We awoke yesterday morning to temperatures of about 60 degrees and bright sunshine. I met several of the guys in the lobby, and we had no plans whatsoever other than to go find some food. We exited the hotel grounds and immediately gasped at the beautiful view.


We crossed the highway to the beach and spent the next half hour just meandering our way towards the pier we saw in the distance, pausing for a couple impromptu and not at all staged photographs.



The pier we had seen in the distance turned out to be Stearns Wharf. We walked down it in search of breakfast, but it became quickly apparent that breakfast food wasn’t really available. So we all had fish and chips! We found some seats in the sun outside the fish & chips stand and even had some entertainment. A pelican was flying around very close to the pier, and we really enjoyed watching him swoop and suddenly dive at full speed into the ocean after his prey.
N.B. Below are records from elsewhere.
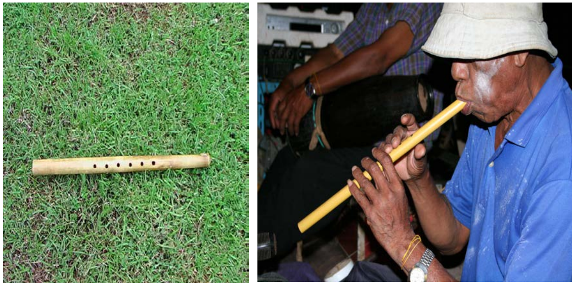
ภาพที่ 12 ปี่แม่มด

- ปี่ หรือ เปีย เป็นเครื่องดนตรีที่ใช้เป่าตอนไหว้ครูในเพลงเพลารวม หรือ เพลงทางใหญ่ หมายถึงการเปิดถนนหรือเปิดทางให้ผี เดินทางมาเข้าทรงเพื่อร่วมทำพิธีรำแม่มดด้วยกัน ตัวปี่ทำด้วยไม้ไผ่ หรือ ไม้ซาง ลื่นทำด้วยโลหะ คล้ายลื่นแคน มีไม้้อเหลาให้บางแล้วนำมาประกบกัน รู้นับปี่ด้านบนมี 6 รู เป็นรูระดับเสียง ด้านล่าง 1 เป็นรูระบายลม ไม้ที่นำมาทำตัวปี่เป็นไม้ซางขนาดเส้นผ่าศูนย์กลางประมาณ 3 เซนติเมตร ยาวประมาณ 25 เซนติเมตร เวลาเป่าจะมีเสียงเศร้าโหยหวน สร้างความรู้สึกวังเวงได้เป็นอย่างดี การเป่าปี่ต้องใช้เทคนิคการเป่าแบบระบายลมตลอดเวลา นอกจากเพลงเพลารวมแล้วยังใช้เป่าในเพลงมะลูปโดง (รุ่มมะพร้าว) ด้วย ลักษณะทำนองคล้ายคลึงกันกับเพลงเพลารวม ถือว่าเป็นเพลงไหว้ทั้งสองเพลง เทคนิคการเป่าปี่ที่สำคัญคือการระบายลม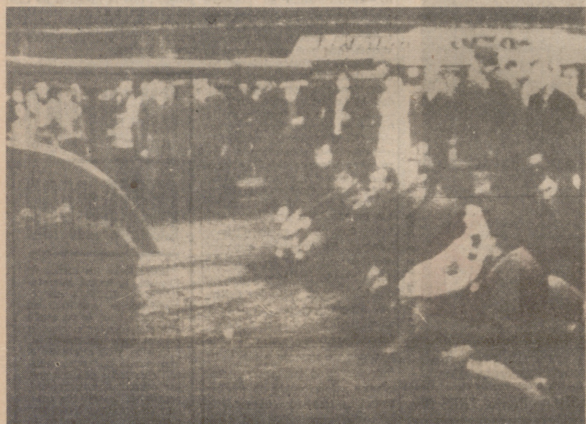
BRATISLAVA.—La televisión ha pasado en Checoslovaquia muchas escenas interesantes de la invasión rusa sobre la nación checa. En esta escena, obtenida de las cámaras de televisión, un grupo de checos, con valentía y sangre fría fuera de toda duda, se sientan en la calzada para detener el avance de los tanques soviéticos.

(Viene de la página anterior) incitación de sus minas y fábricas de industria pesada. Se ha impuesto el toque de queda en Fraga desde la media noche y cinco de la madrugada. En algunos establecimientos de la capital checa, principalmente las panaderías, se han agotado los alimentos. Algunas gasolineras han concluido sus reservas de combustible.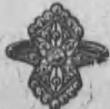
Núm. 2.187.—Brillantes y rosas. Ptas. 525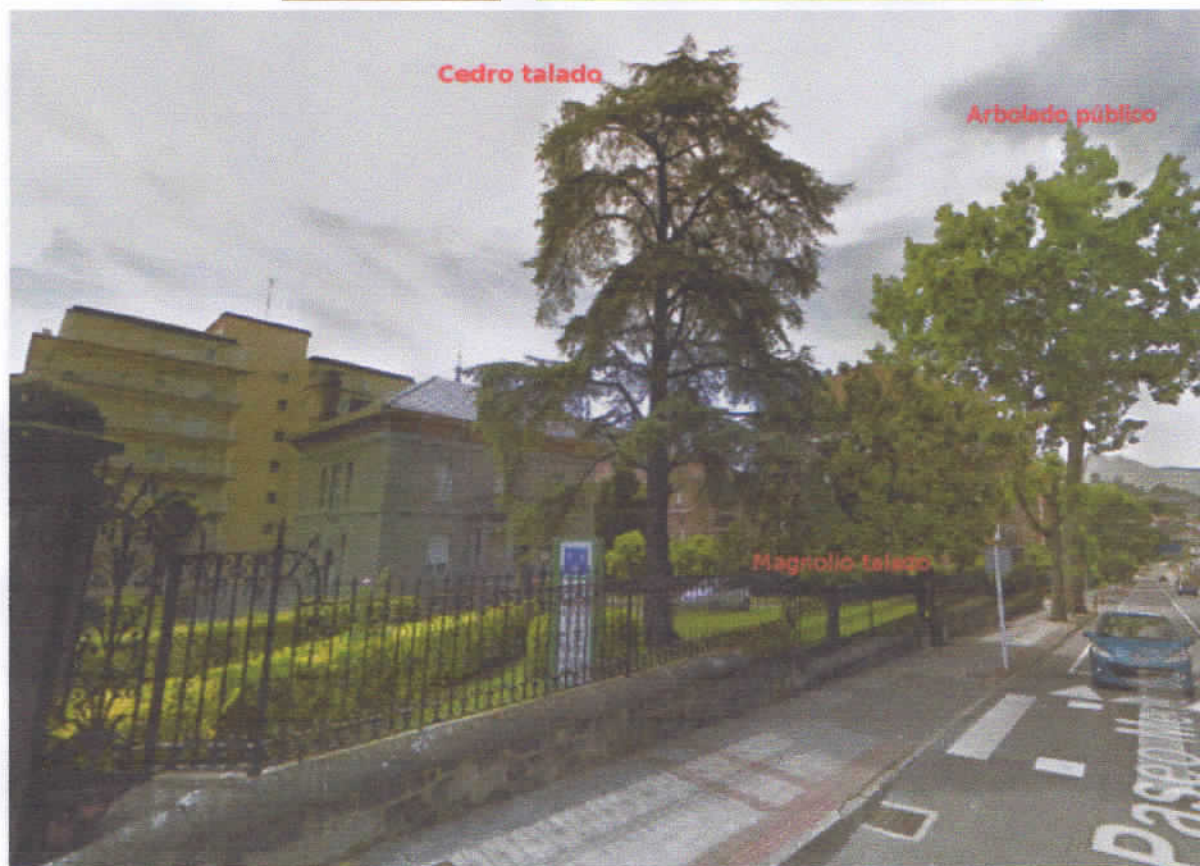
Foto de Google Maps de una parte del jardín, antes de la tala.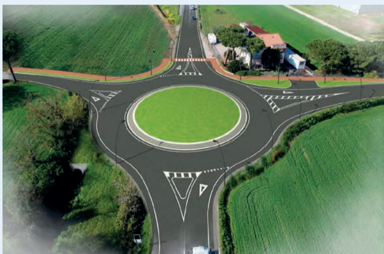
Il rendering della nuova rotatoria che sarà realizzata all'incrocio tra le vie Tosi, Antica Emilia e SP136

Il progetto per la realizzazione della rotatoria all'intersezione tra via Pasquale Tosi, via Antica Emilia e la SP136 "Santarcangelo Mare", al confine tra i Comuni di Santarcangelo e Rimini è stato presentato alla frazione il 20 aprile scorso.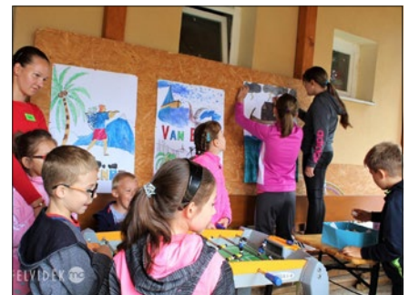
Számos foglalkozás várta a táborlakókat

A tábor zárása a vasárnapi istentiszteleten lesz, ahol bemutatják a tanult énekeket, felelevenítik a bibliai üzeneteket. A tábor szervezését nagyban támogatták a szülők is, akik a tízóraihoz és az uzsonnához valót gyűjtötték össze.

Walking onto the wharf, we had seen an advertisement for a ‘land & sea’ tour and decided to check it out. We found out it was an amphibious vehicle tour and all hopped aboard for a 90 minute tour.


We had a fantastic tour guide named Milo, and despite being a bit chilly from driving/boating around in an open vehicle, everyone enjoyed it immensely.

The historic Santa Barbara Courthouse


The view from the tour boat



We spent the afternoon walking around downtown, stopping occasionally for a coffee or to take in the many magnificent Spanish mission-style buildings. I really enjoyed the architecture, and especially the courthouse. It was built in the 1920s and it is truly spectacular. We went to the top of the building’s 7-story tower to revel in a breathtaking 360-degree view of Santa Barbara. We didn’t want to leave. We just stayed up there, chatting and taking photos and soaking up the sun.






Today I slept in and then spent the morning and afternoon just walking around town and taking in more of this amazing city. I walked the beach for an hour at least, then circled back into downtown Santa Barbara, where I did a little bit of shopping and had lunch at Chipotle, my favorite burrito place.

Tonight was our one and only concert in Santa Barbara. I showed up at the appointed hour at the gorgeous Grenada Theater and giggled when I saw all the colleagues. The whole orchestra was pink! Everyone, myself included, had spent so much time outdoors in the past two days (in 60-degree breezy weather) without so much as a drop of sunscreen, and every single colleague I saw was sunburned!

As we rehearsed, we quickly found out that although the Grenada is really pretty and interestingly decorated, it doesn’t so much sound really pretty. It was very dry, and it was often hard for those of us in the back to hear the strings. It was nonetheless an enjoyable and well-received concert.